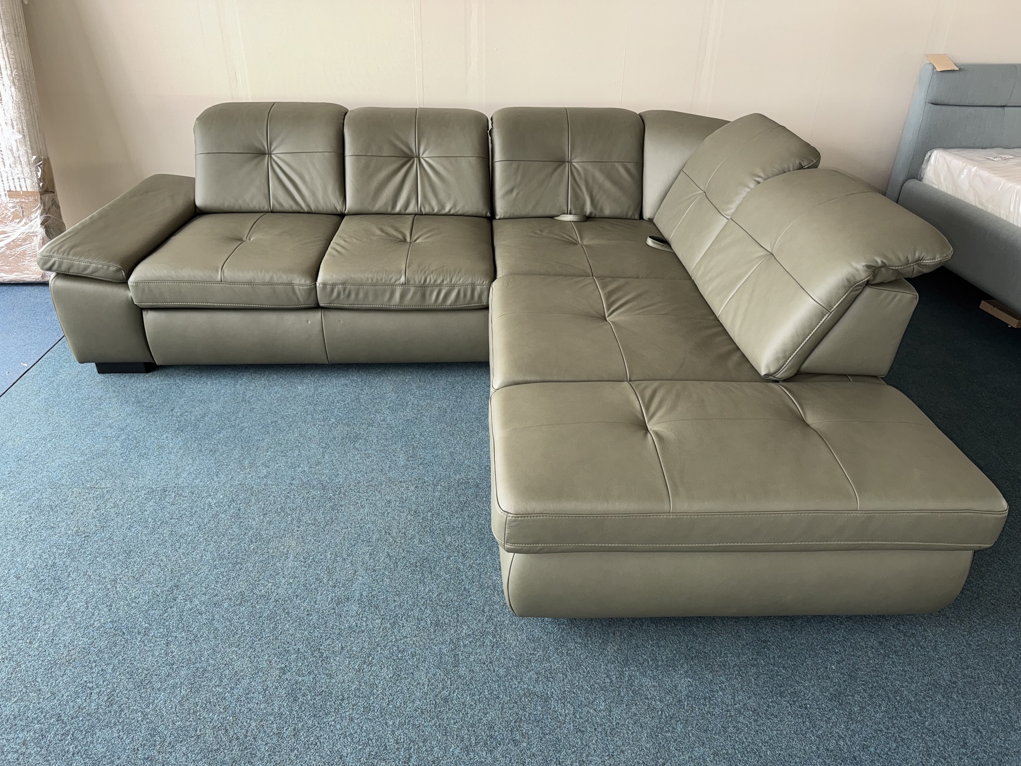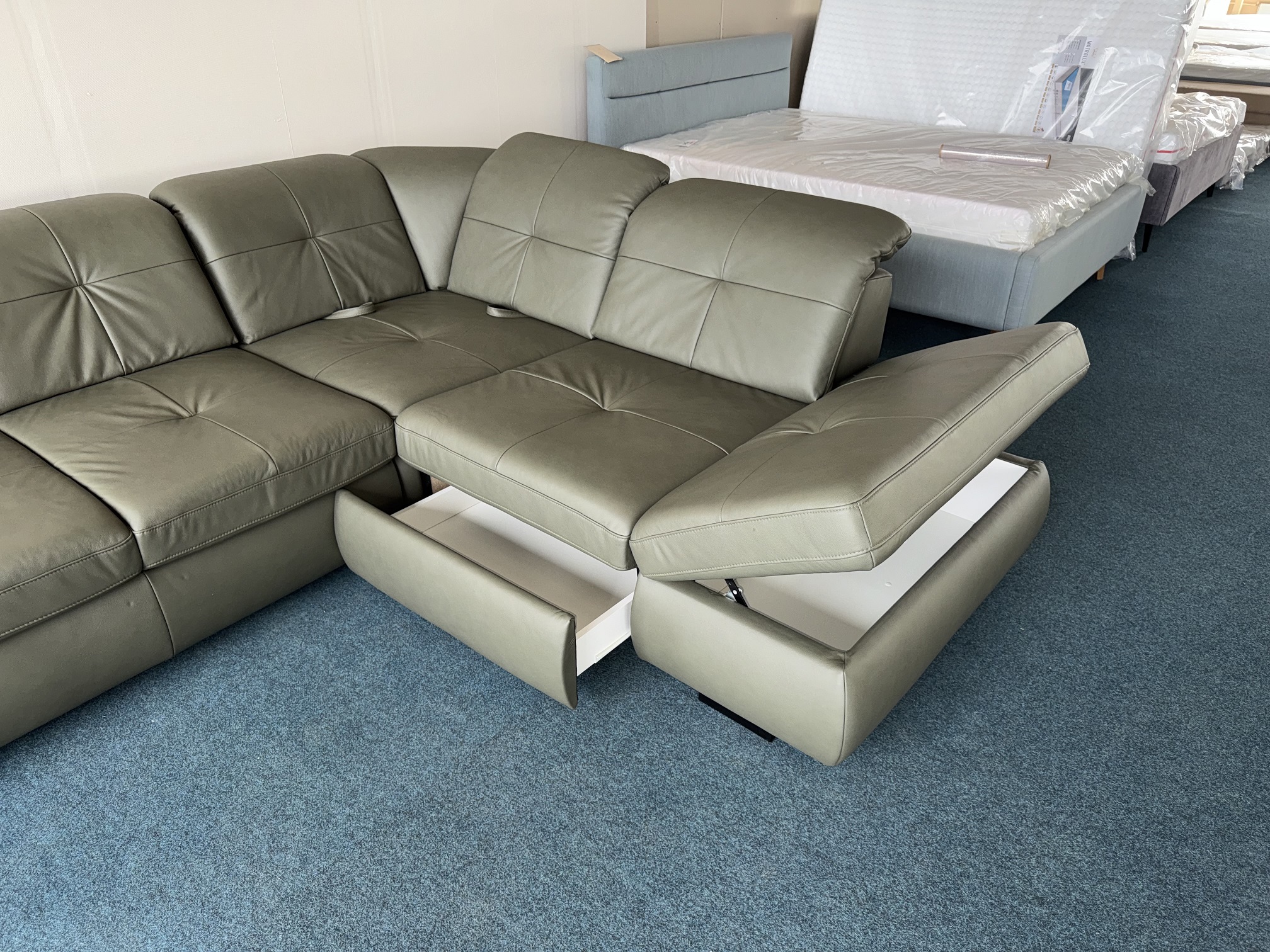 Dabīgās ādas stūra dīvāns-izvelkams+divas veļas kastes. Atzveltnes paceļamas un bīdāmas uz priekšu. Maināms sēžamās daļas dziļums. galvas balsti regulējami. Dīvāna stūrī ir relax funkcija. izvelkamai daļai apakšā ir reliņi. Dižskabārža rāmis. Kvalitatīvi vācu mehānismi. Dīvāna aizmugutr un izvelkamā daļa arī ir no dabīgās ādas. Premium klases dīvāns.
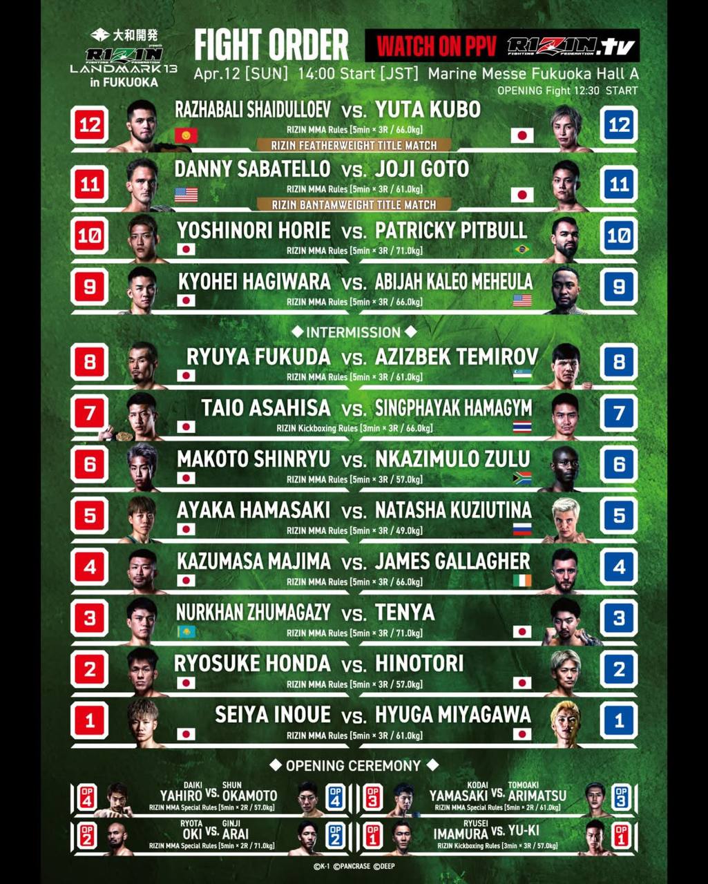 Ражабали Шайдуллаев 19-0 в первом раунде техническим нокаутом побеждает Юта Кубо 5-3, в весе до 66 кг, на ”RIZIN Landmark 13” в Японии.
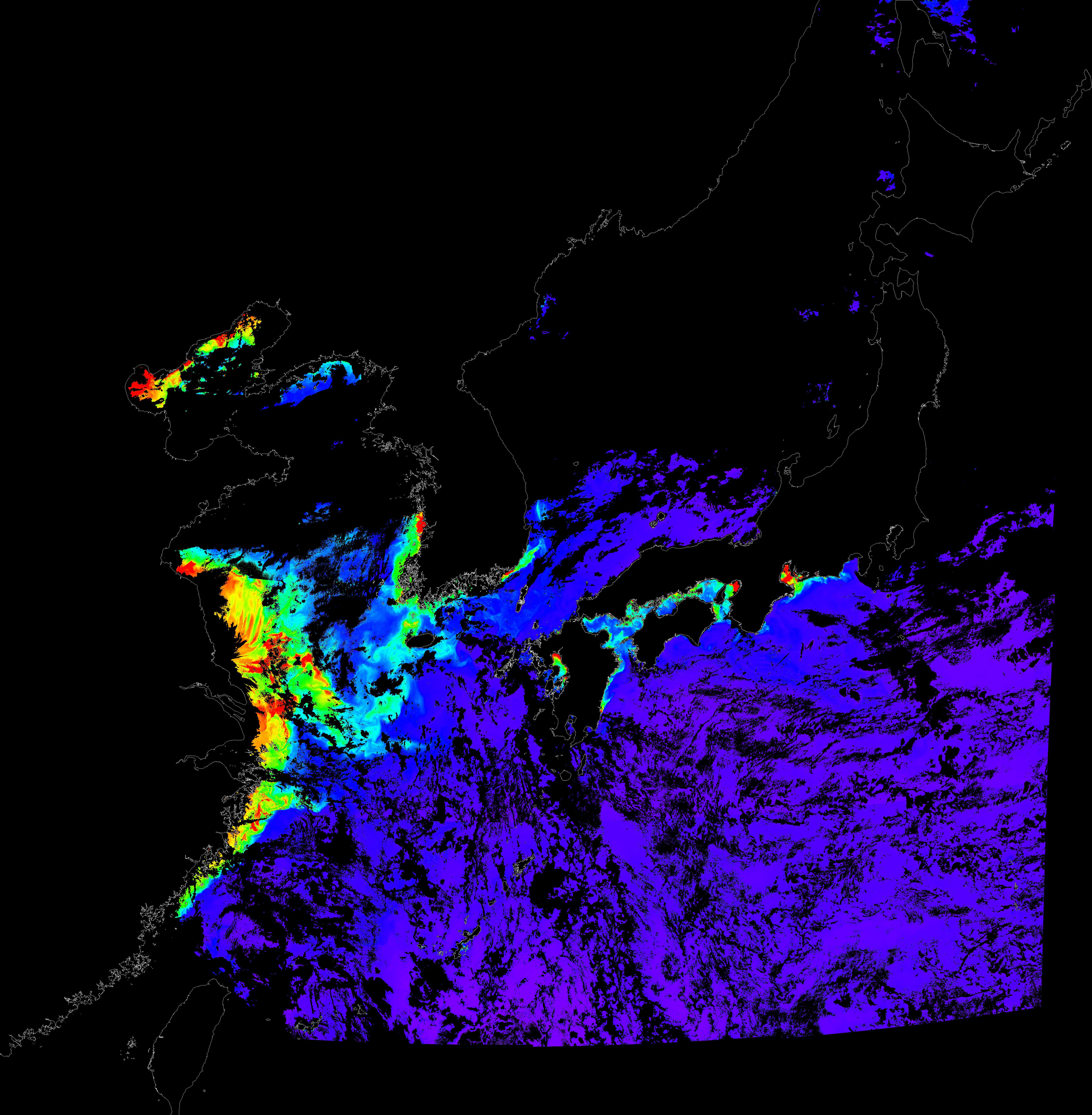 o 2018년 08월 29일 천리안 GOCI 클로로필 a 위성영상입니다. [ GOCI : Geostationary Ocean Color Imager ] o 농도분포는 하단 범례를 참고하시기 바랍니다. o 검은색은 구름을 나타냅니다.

#### WORK ORDER:
From the line that contains "Ражабали Шайдуллаев 19-0" to the end of the material above, output every line exactly, both ends included, but leave out any pictures.

#### REPLY:
 Ражабали Шайдуллаев 19-0 в первом раунде техническим нокаутом побеждает Юта Кубо 5-3, в весе до 66 кг, на ”RIZIN Landmark 13” в Японии.
 o 2018년 08월 29일 천리안 GOCI 클로로필 a 위성영상입니다. [ GOCI : Geostationary Ocean Color Imager ] o 농도분포는 하단 범례를 참고하시기 바랍니다. o 검은색은 구름을 나타냅니다.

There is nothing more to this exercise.